Abstract

Personality recognition in text is a critical problem in classifying personality traits from the input content of users. Recent studies address this issue by fine-tuning pre-trained language models (PLMs) with additional classification heads. However, the classification heads are often insufficiently trained when annotated data is scarce, resulting in poor recognition performance. To this end, we propose DesPrompt to tune PLM through personality-descriptive prompts for few-shot personality recognition, without introducing additional parameters. DesPrompt is based on the lexical hypothesis of personality, which suggests that personalities are revealed by descriptive adjectives.
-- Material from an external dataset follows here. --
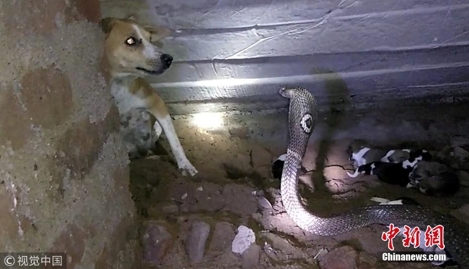 9月20日訊(具體拍攝時間不詳),印度奧里薩邦,一只寵物狗勇敢地挽救了新生幼犬的生命,它擊退了一條可怕的眼鏡蛇。面對一條巨大的斑點眼鏡蛇——世界上最毒的蛇之一——這位新媽媽勇敢保護(hù)僅出生兩天的幼崽。但不幸的是,盡管狗狗盡了最大的努力,蛇還是在救援人員救出幼犬之前仍殺死了4只小狗。圖片來源:視覺中國

Specifically, DesPrompt models personality recognition as a word-filling task. The input content is first encapsulated with personality-descriptive prompts. Then, the PLM is supervised to fill in the prompts with label words describing personality traits. The label words are selected from trait-descriptive adjectives from psychology findings and lexical knowledge. Finally, the label words filled in by PLM are mapped into the personality labels for recognition. Our approach aligns with the Masked Language Modeling (MLM) task in pre-training PLMs. So, it efficiently utilizes pre-trained parameters to reduce dependence on annotated data. Experiments on four public datasets show that DesPrompt outperforms conventional fine-tuning and other prompt-based methods, especially in zero-shot and few-shot settings.